--- Data to process Enclosed Below ---

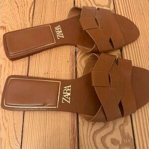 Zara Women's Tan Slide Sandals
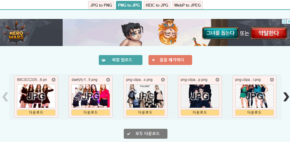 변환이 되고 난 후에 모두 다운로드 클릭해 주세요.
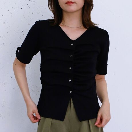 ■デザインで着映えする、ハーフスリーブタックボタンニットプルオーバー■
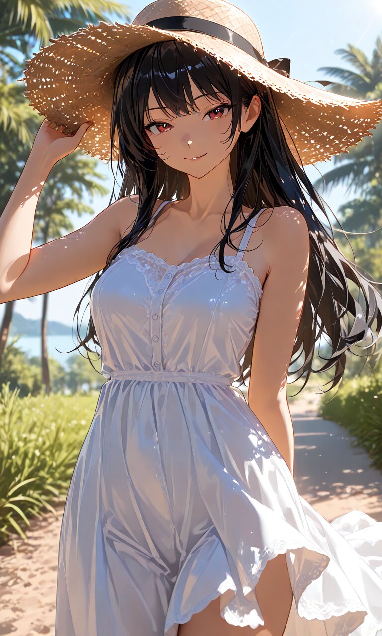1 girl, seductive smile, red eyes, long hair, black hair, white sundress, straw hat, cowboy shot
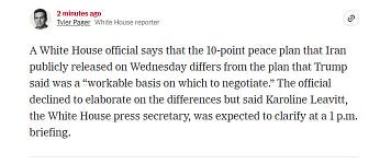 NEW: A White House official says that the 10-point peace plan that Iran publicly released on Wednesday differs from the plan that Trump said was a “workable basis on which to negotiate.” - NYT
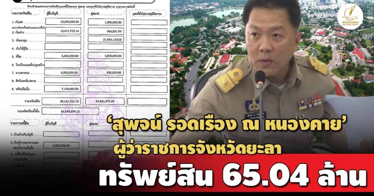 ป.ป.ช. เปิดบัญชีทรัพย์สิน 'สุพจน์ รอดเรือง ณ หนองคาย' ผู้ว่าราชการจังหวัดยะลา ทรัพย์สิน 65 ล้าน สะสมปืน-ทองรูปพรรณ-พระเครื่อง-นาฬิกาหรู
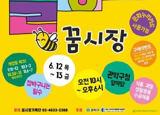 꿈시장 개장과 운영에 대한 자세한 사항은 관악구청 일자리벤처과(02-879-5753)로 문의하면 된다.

--- End of Enclosed Data to process ---

- Instructions to follow -
Find the line that has "ป.ป.ช. เปิดบัญชีทรัพย์สิน 'สุพจน์" in the listing, then retype it and each later line up to the last, exactly. Leave pictures out.

- Expected answer -
 ป.ป.ช. เปิดบัญชีทรัพย์สิน 'สุพจน์ รอดเรือง ณ หนองคาย' ผู้ว่าราชการจังหวัดยะลา ทรัพย์สิน 65 ล้าน สะสมปืน-ทองรูปพรรณ-พระเครื่อง-นาฬิกาหรู
 꿈시장 개장과 운영에 대한 자세한 사항은 관악구청 일자리벤처과(02-879-5753)로 문의하면 된다.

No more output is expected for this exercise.